Correspondence Address:
Giulio Anichini
Department of Neurosurgery, Aberdeen Royal Infirmary, NHS Grampian, Edinburgh, Scotland, UK

DOI:10.4103/2152-7806.183520

Copyright: © 2016 Surgical Neurology International This is an open access article distributed under the terms of the Creative Commons Attribution-NonCommercial-ShareAlike 3.0 License, which allows others to remix, tweak, and build upon the work non-commercially, as long as the author is credited and the new creations are licensed under the identical terms.

How to cite this article: Anichini G, Iqbal M, Rafiq NM, Ironside JW, Kamel M. Sacrificing the superior petrosal vein during microvascular decompression. Is it safe? Learning the hard way. Case report and review of literature. Surg Neurol Int 03-Jun-2016;7:

How to cite this URL: Anichini G, Iqbal M, Rafiq NM, Ironside JW, Kamel M. Sacrificing the superior petrosal vein during microvascular decompression. Is it safe? Learning the hard way. Case report and review of literature. Surg Neurol Int 03-Jun-2016;7:. Available from: http://surgicalneurologyint.com/surgicalint_articles/sacrificing-the-superior-petrosal-vein-during-microvascular-decompression-is-it-safe-learning-the-hard-way-case-report-and-review-of-literature/

Date of Submission
14-Sep-2015

Date of Acceptance
08-Feb-2016

Date of Web Publication
03-Jun-2016

Abstract

Background:Venous infarction as a complication of microvascular decompression (MVD) is a recognized but extremely rare occurrence in an otherwise standard neurosurgical procedure. Sacrificing one or more veins is considered safe by majority of experienced surgeons and authors. However, in the recent years, there has been growing debate about the management of venous trigeminal compression and/or superior petrosal complex (separation vs. coagulation and cutting of the vein), with few papers describing mild to severe complications related to venous sacrifice.

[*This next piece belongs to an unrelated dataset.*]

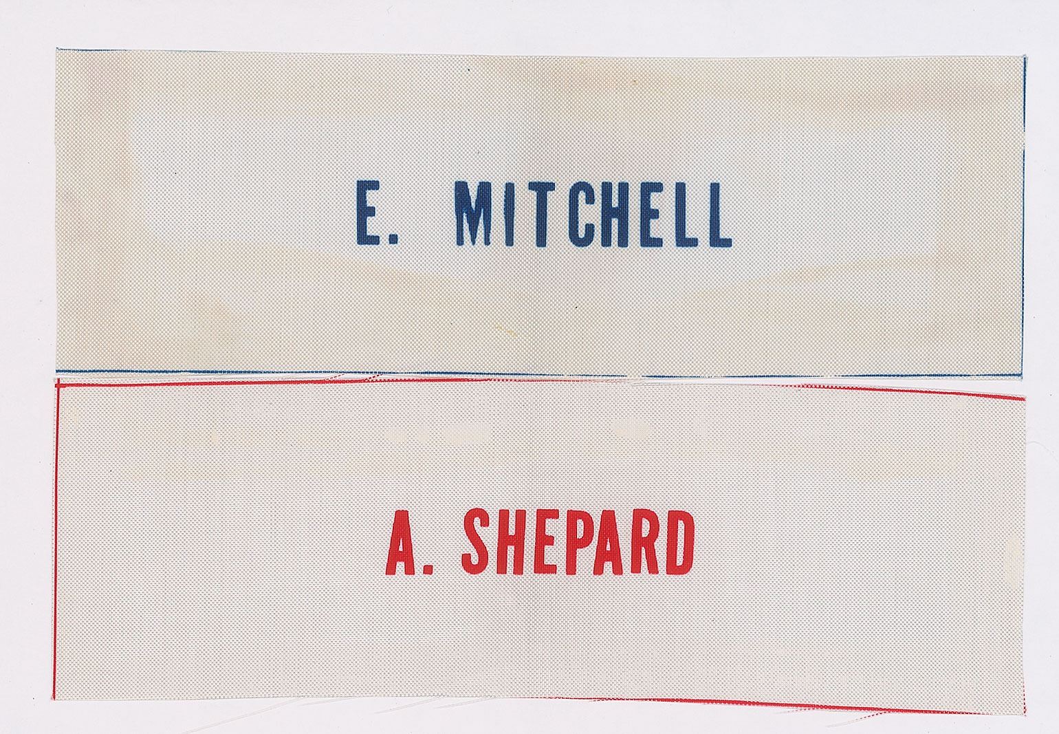 Uncommon pair of Beta cloth name patches, both measure 7.5 x 2.5, with one identified in red block text, "A. Shepard," and the other in blue block text, "E. Mitchell." In overall fine condition, with light staining to Mitchell.

Case Description:We report our dramatic experience during re-exploration for MVD on a male who developed massive cerebellar, brainstem, and brain infarction. Extensive analysis of surgical planning and literature debate about this topic is also reported.

Conclusion:Despite rare, venous infarction after venous sacrifice in MVD is possible and can have catastrophic consequences. We would advise: (1) To try preserving the vein anytime this is possible, especially if it is large in size; (2) if it is decided to sacrifice the vein temporary occlusion while observing changed in the neurophysiology might be safer; (3) when planning an MVD for suspected venous compression, possible alternative forms of treatment should also be considered.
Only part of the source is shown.